Research work carried out by Dr Laurence Cuffe as part of his postdoctoral programme involved developing a composite membrane on Vycor glass. The pore size of Vycor glass is too large so it must be chemically modified by coating it with an inorganic nanomembrane.
"The modification to the surface of the Vycor results in the formation of nanoporous plugs which are permeable to carbon dioxide but form a barrier to nitrogen," continues Professor MacElroy.
The preliminary results showed that these membranes exhibit selectivities for carbon dioxide over nitrogen of more than 36:1 in one case and 75:1 in another case at a working temperature of 600°C. Professor MacElroy explained that the group is now looking at other processes of modifying the glass which are more versatile.

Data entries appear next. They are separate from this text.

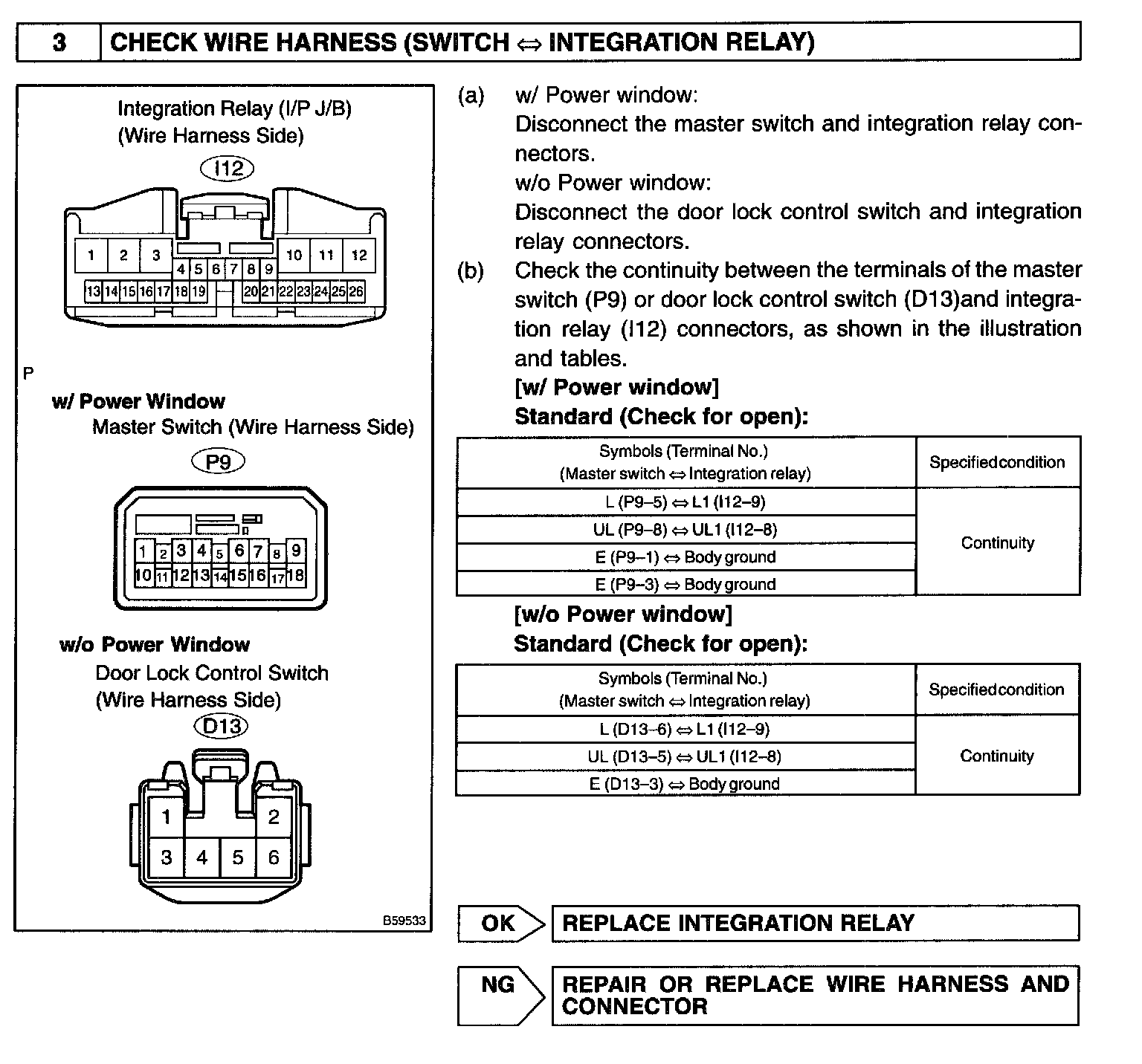 The integration relay receives a switch signal from the master switch, door lock control switch or the driver's door key and then drives the door lock motor.
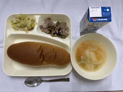 「豚肉のガーリックやき、ツナとキャベツのソテー、スープ、黒糖パン、牛乳」です。
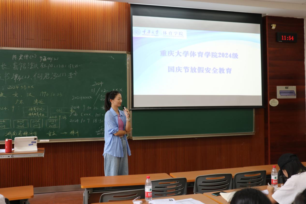 在虎溪校区D1149召开了国庆节黄金周安全教育班会。本科2024级全体学生参加。班会由学院团委书记、本科生辅导员汤婕老师主持。
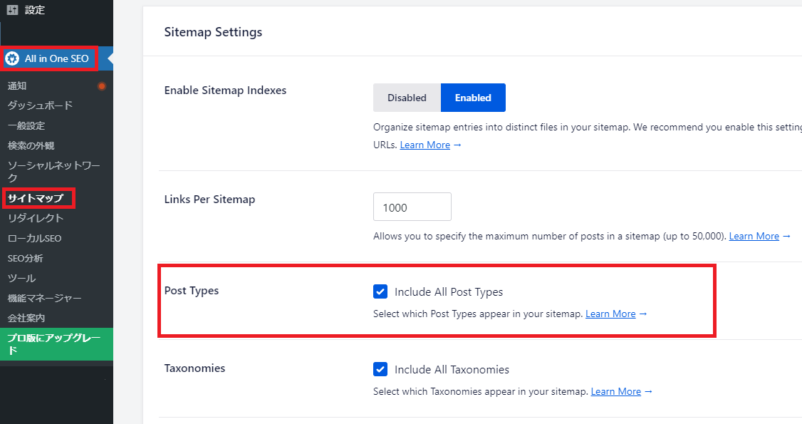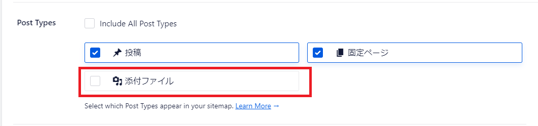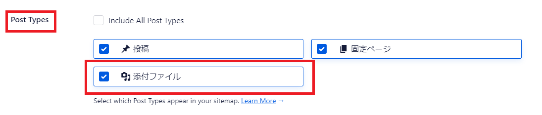 ページ内にあるPost Typesの項目のうち、「Include All Post Types」というチェックボックスをクリック、
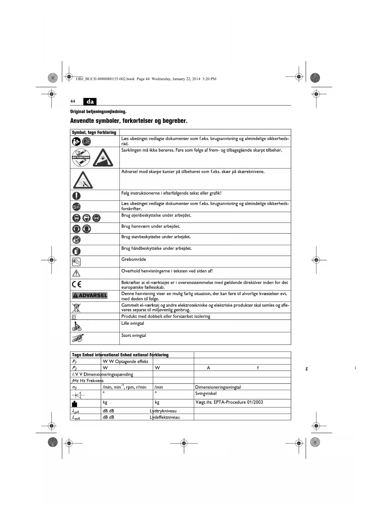 | m, s, kg, A, mm, V, W, Hz, N, °C, dB, min, m/s2 | m, s, kg, A, mm, V, W, Hz, N, °C, dB, min, m/s2 | Basisenheder og afledte enheder fra det internati- onale enchedsystem SI. | |
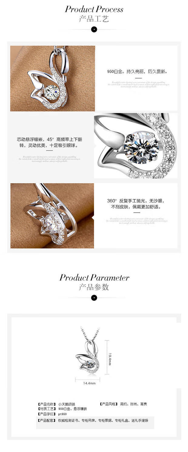 Nilan Fat Donglai same style pt950 platinum set chain PT950 necklace birthday gift 18 necklace versatile jewelry diamond ingot chain + swan pendant
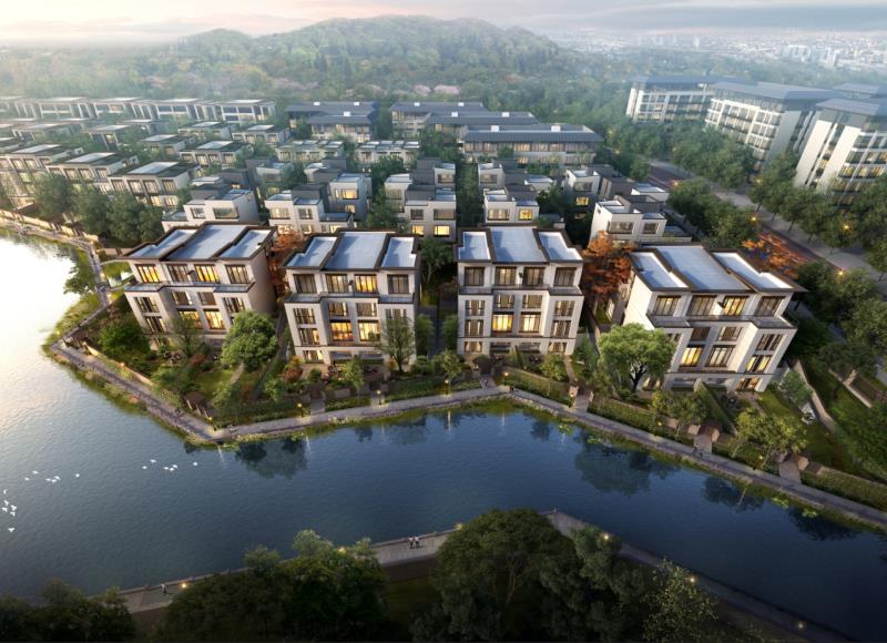交付区内部的园林以水流为灵感更别具匠心。纵观整个园区,既有河流穿流而过,也有潺潺水系环绕,内外水景规划,是合肥水系景观中的首创之举。万亩湖园环伺,曲水流觞、鲜氧输送,景的呼唤、水的轻吟,从簪缨世家到书香门第,皆享受园境庭深、岁月静好之意境。
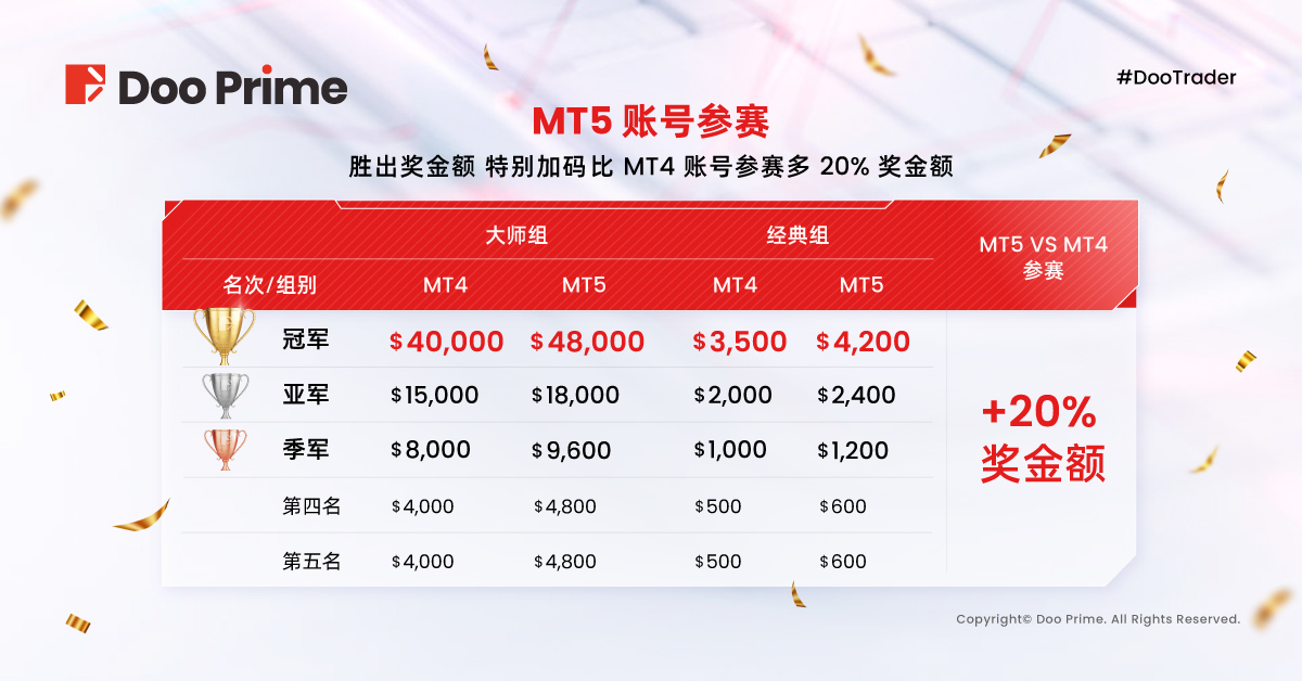 本届 2024 #DooTrader 慈善杯交易大赛带来了前所未有的惊喜——使用 MT5 账号参赛的选手,将有机会获得额外 20% 的奖金!这一特别福利旨在鼓励参赛者体验功能更强大、执行效率更高的 MT5 专业交易平台。快来把握机会,提升您的交易体验与竞争优势!>>>>>>立即点击报名参加!
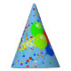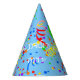 Que chapéu alegre de festas de papel! O fundo tem balão, fitas e confete. Você pode mudar o nome da criança de aniversário.
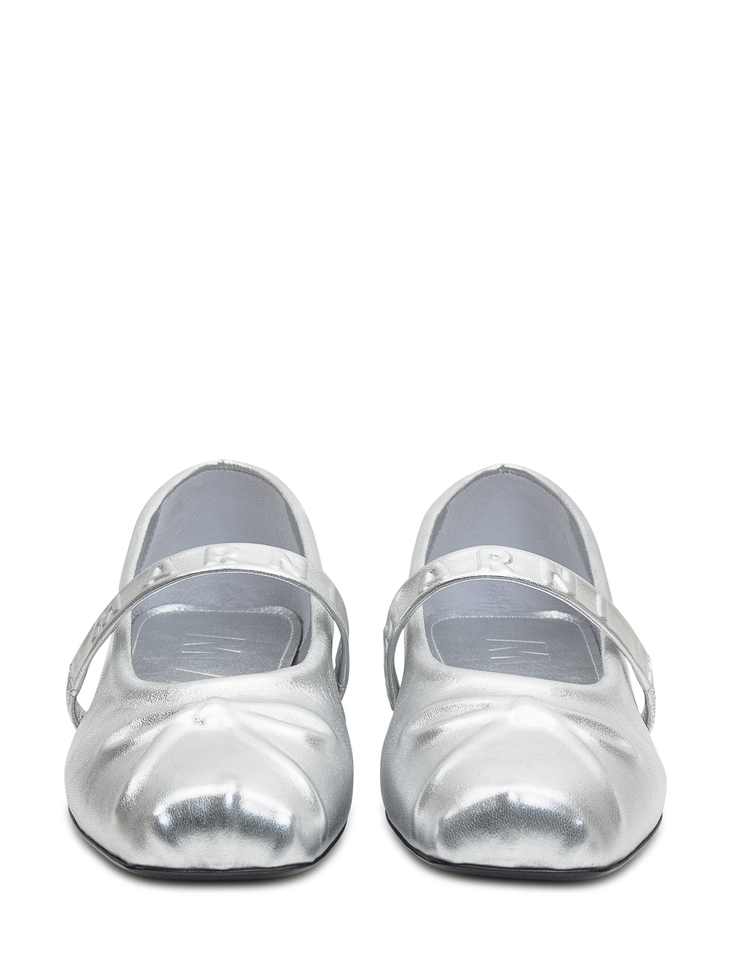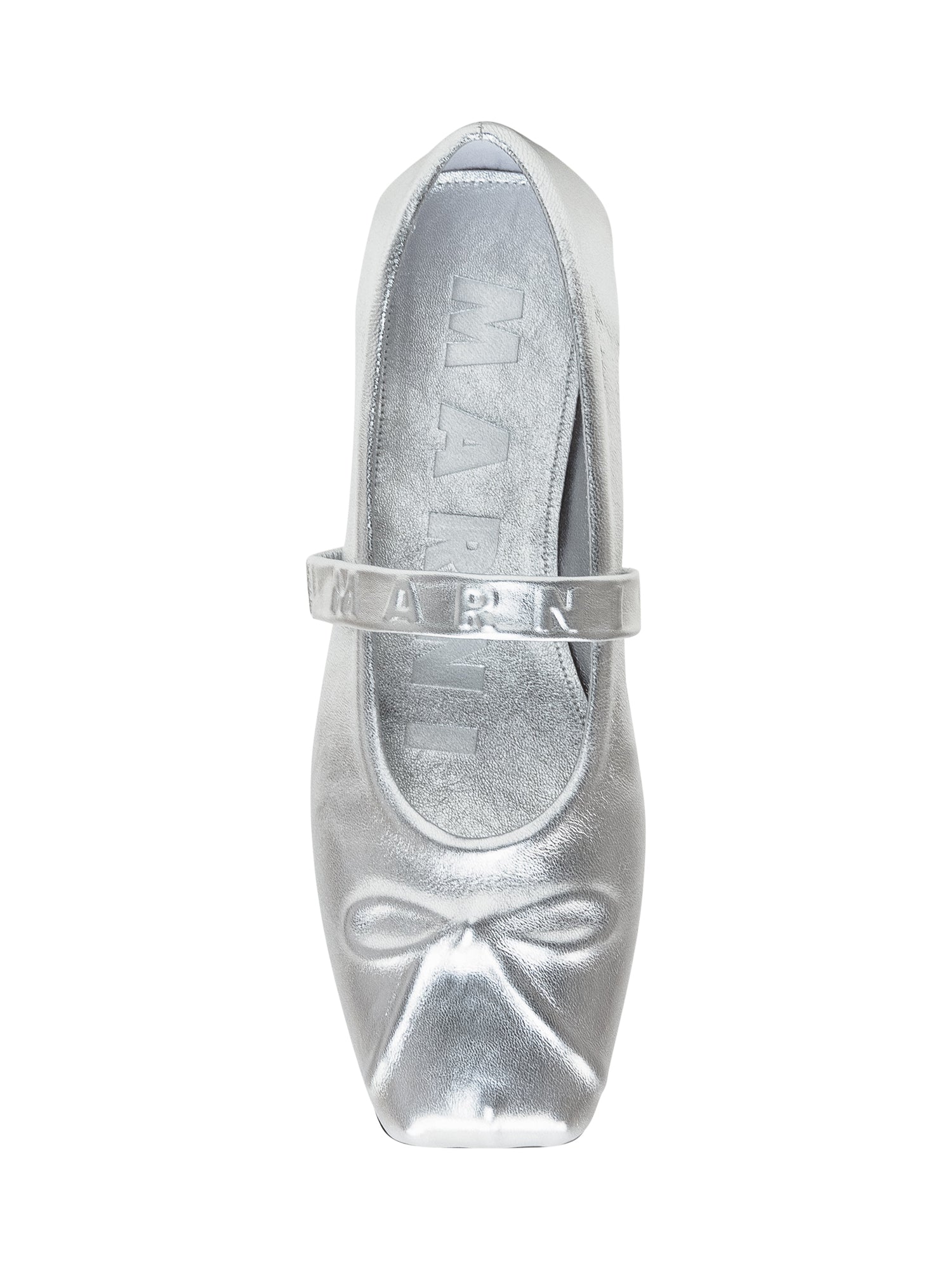Ballerina with silver leather lace-up. Rubber sole. Logo embossed on the front. Bow detail.

After carbon dioxide is captured, it must then be stored long term or recycled. Oceans and forests act as natural carbon dioxide reservoirs but underground caverns, old gas wells and saline aquifers are also used. Statoil, for example, has undertaken a commercial project of capturing carbon dioxide from the Sleipner gas field in the Norwegian North Sea and storing it 1000 meters under the sea bed in a saline aquifer.
Professor MacElroy concludes that "Carbon dioxide could be recycled by returning it to an artificial carbon cycle. It is a valuable commodity and under appropriate processing conditions there is the possibility of converting it into low molecular weight chemical commodities or recycling it into methanol. Recycling captured carbon dioxide could well be part of the quest for renewable energy sources."
The CSCB is a collaboration in the chemical sciences between University College Dublin (UCD), Trinity College Dublin (TCD) and the Royal College of Surgeons of Ireland (RCSI). The centre was established in Dublin in December 2001 after being awarded €26 million by the Irish Government's Higher Education Authority Programme for Research in Third Level Institutions (PRTLI).